# Instructions for the task
Take the listing below and print exactly the lines starting at the line containing "Fig. 186. Ög" and ending at the line containing "إعداد / ابتسام العسيري", both ends included, and no others.
<<<<
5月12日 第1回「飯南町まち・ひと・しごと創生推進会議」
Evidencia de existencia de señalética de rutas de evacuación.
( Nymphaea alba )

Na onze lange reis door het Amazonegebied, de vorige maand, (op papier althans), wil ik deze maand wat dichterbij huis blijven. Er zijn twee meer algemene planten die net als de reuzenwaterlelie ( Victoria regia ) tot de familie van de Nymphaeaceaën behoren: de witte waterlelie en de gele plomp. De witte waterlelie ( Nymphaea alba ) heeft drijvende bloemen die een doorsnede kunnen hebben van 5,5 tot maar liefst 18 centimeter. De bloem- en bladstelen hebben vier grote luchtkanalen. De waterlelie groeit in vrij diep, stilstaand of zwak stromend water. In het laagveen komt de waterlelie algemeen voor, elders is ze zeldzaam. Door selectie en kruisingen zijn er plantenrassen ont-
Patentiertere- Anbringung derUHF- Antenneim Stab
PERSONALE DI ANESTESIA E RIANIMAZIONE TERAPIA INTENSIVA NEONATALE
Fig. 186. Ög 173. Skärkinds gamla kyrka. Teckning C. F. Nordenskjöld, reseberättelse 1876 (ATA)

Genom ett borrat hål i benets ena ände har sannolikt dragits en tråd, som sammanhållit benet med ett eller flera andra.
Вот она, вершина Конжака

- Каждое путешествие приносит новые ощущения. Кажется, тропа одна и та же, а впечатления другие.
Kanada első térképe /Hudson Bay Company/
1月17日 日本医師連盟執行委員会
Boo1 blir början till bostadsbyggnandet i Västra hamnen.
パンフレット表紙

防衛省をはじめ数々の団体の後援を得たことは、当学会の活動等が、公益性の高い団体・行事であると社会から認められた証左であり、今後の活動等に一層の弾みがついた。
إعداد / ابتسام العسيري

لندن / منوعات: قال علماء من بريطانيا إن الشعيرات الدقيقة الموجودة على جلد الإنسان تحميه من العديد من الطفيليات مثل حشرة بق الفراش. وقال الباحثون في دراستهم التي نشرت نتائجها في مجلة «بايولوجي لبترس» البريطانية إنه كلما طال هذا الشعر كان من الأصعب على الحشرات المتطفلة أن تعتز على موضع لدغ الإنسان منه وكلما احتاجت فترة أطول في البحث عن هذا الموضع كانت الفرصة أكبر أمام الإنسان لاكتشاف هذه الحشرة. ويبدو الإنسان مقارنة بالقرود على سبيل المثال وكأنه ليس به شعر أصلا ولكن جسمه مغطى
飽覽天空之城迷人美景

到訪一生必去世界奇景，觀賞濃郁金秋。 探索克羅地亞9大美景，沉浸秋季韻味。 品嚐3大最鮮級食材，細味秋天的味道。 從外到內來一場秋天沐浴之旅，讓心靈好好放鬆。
>>>>
# Written solution
Fig. 186. Ög 173. Skärkinds gamla kyrka. Teckning C. F. Nordenskjöld, reseberättelse 1876 (ATA)

Genom ett borrat hål i benets ena ände har sannolikt dragits en tråd, som sammanhållit benet med ett eller flera andra.
Вот она, вершина Конжака

- Каждое путешествие приносит новые ощущения. Кажется, тропа одна и та же, а впечатления другие.
Kanada első térképe /Hudson Bay Company/
1月17日 日本医師連盟執行委員会
Boo1 blir början till bostadsbyggnandet i Västra hamnen.
パンフレット表紙

防衛省をはじめ数々の団体の後援を得たことは、当学会の活動等が、公益性の高い団体・行事であると社会から認められた証左であり、今後の活動等に一層の弾みがついた。
إعداد / ابتسام العسيري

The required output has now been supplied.